In a conversation recently, I was asked the difference between my book and those of some other authors. Other than the other authors selling more books than I and being better known, I knew mine to be a work of speculative realm. I went on to explain what I meant by the difference. Christian fiction as a whole deals with biblical truths through story telling; many times blending all three elements. Usually, there is a strong bend toward one central genre with the support of the others.
Fantasy fiction usually deals with other-worlds, creatures, and people with some kind of magical powers and how they interact with our world. In Christian fantasy these other creatures many times are angels, fallen angels, and demons, but not always. Some of the best Christian fantasy classics are works from C.S. Lewis or J.R.R. Tolkien. The Chronicles of Narnia and the Lord of the Rings series would be classified as fantasy or fiction with the morals based in, and portraying biblical ideas. Both Lewis and Tolkien believed that such fantasy tales are akin to Jesus’ telling of parables. That is, truths can be taught and passed on to the reader through the use of storytelling. I.e. Aslan and Gandolf are Messiah types; each portraying various attributes of Jesus. The battle of good and evil that sway men are explored and expounded on through the tales of fantasy.
A few of the modern day spinners of fantasy fiction are Frank Peretti and Ted Dekker. In his book series The Circle, Dekker weaves an ongoing tale of Thomas Hunter and how he is in and out of various worlds dealing with various creatures and people. Dekker skillfully interlaces in biblical truths throughout. Peretti in The Visitation and This Present Darkness and Dekker in Adam explore the spiritual world and how it affects our present world. Peretti and Dekker both are constantly crossing in and out of all three genres of fantasy, science, and speculative fiction.

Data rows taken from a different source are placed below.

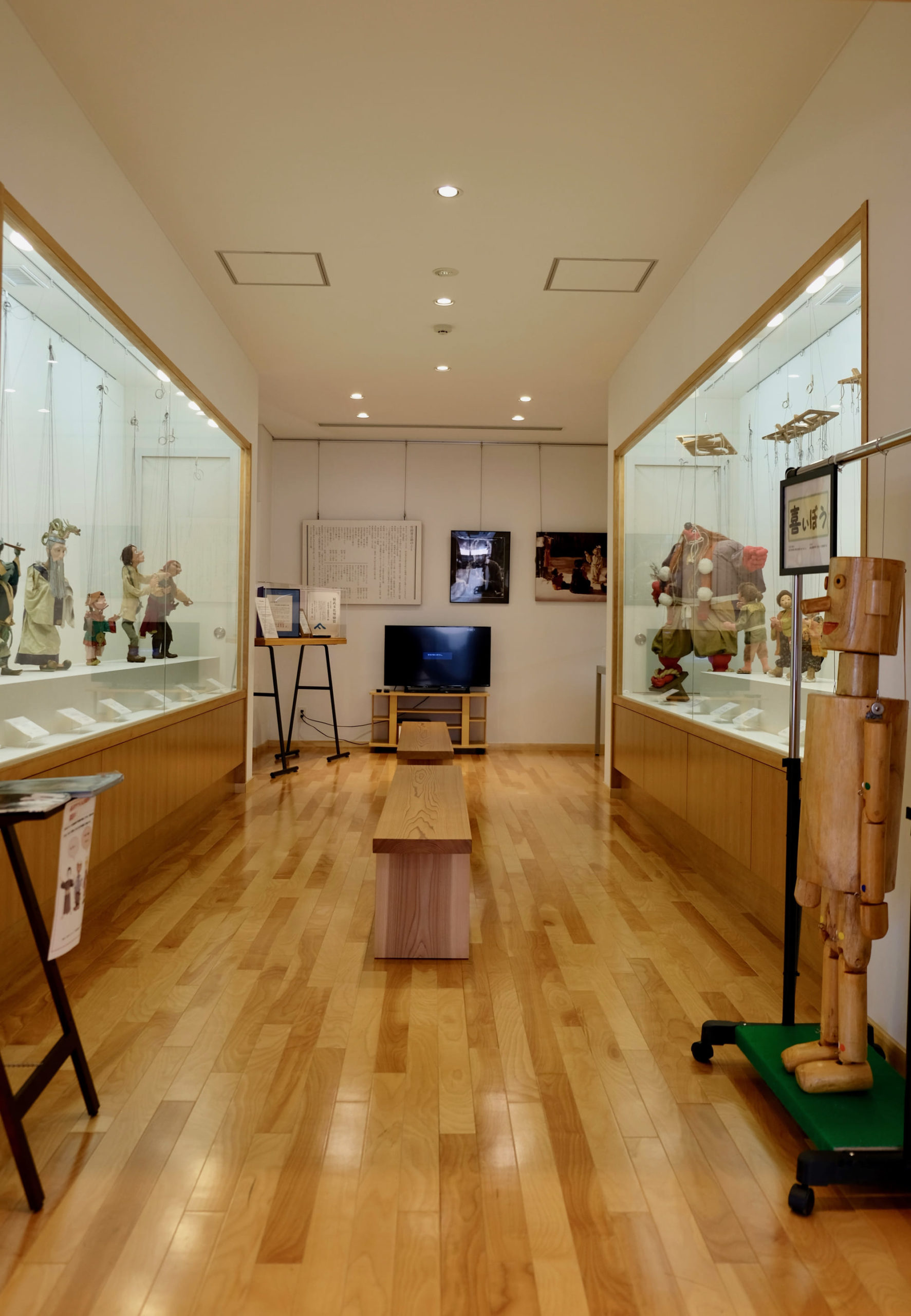Jouxtant la bibliothèque, dans la galerie d’exposition, on admire les marionnettes de Taketa Kinesuke, dont la fameuse petite Yukinko. La « 集いの部屋 », (tsudoi no heya), la salle de « rassemblement » est d’ordinaire une grande salle de travail mais c’est une salle polyvalente où l’on peut même monter des spectacles de marionnettes grâce à une scène dédiée. Dans le couloir, un grand moulage des amas coquilliers datant de la période Yayoi, découverts non loin de là en 1933, sont fixés au mur.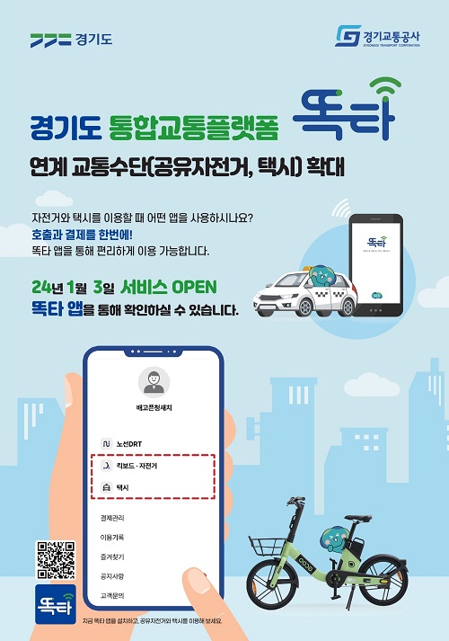 °æ±âµµ¿Í °æ±â±³Åë°ø»ç´Â µµ¹Î À̵¿ ÆíÀǸ¦ À§ÇØ ¶ÈŸ ¾Û¿¡¼ ¿©·¯ ¸ðºô¸®Æ¼¸¦ ÀÌ¿ëÇÒ ¼ö ÀÖµµ·Ï ÃßÁø ÁßÀ¸·Î ±× ½ÃÀÛÀ¸·Î ³»³â 1¿ùºÎÅÍ °øÀ¯ÀÚÀü°Å¿Í Åýà ÀÌ¿ë ¼ºñ½º¸¦ Á¦°øÇÑ´Ù.
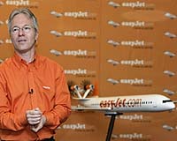 Low cost airline EasyJet Chief Executive Andy Harrison unveils a new jet airline design called the - easyJet ecoJet - which will emit 50% less C02 and be 25% quieter than the most current aircraft currently in service, at a press conference in London, 14 June 2007. EasyJet became the latest carrier to set out its green credentials by announcing planned cuts in CO2 emissions. EasyJet Chief executive Andy Harrison said the airline aimed to slash emissions by 50% by 2015. Photo courtesy AFP.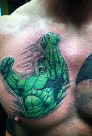 胸部漫画风格的彩色愤怒的绿巨人纹身图案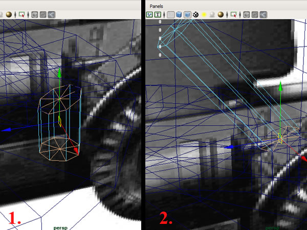 Move the cylinder over the image, and then start matching the outline of the model by editing the vertices. You can do this by "holding down the Right mouse button on the cylinder and choosing Vertex". Use the move and scale tools. These are the keyboard shortcuts for them. (W-move, R-scale, E-rotate.)

So, what is Christian science fiction? Many will regulate science fiction or sci-fi to dealing with outer space, aliens and/or the future, when in fact this is not true. Science interwoven into any tale would fit the genre of science fiction. Back to Frank Peretti, his book Monster is based on science gone wrong, but he artfully brings in a bit of fantasy with the introduction of the Yeti from the Pacific Northwest.
Finally, speculative fiction answers a postulation that usually starts with “If this were true, what would that look like?” and attempts to answer that question with a plausible rendition of a story. Two good examples of this would be my book, Strong Delusion: Book One and Donovan M. Neal’s Third Heaven: Rise of the Fallen Stars. In my book the speculation would be “if the Anti-Christ came from or got his power from the planet Mars, what would that look like?” In the Third Heaven: Rise of the Fallen Stars, Neal explores “the angels in heaven battled each other, what could that have looked like?” Both books claim to have scriptural evidence for their response to the postulation, but only imagination to flesh them out. Notice one is futuristic and the other historical. Neal’s rendition is so realistic it leaves you thinking “yea, it could have happened that way.” Another biblically based futuristic series that would align with speculative fiction is the Left Behind series by Tim Lahaye and Jerry B. Jenkins. Based on what many Christians believe to the account of the last days, both authors bring the reader along as Buck and Rayford live through a believable rendition of the tribulation period.
One last thing
One last caveat: though one could use these loose definitions to determine in what genre a story should be placed, in the end it really is up to the author to decide. You see, they are the ones who have to pick the category in which to file their story should it be published. One could make an argument that the whole lot should be lumped together and called Christian Speculative Science Fiction.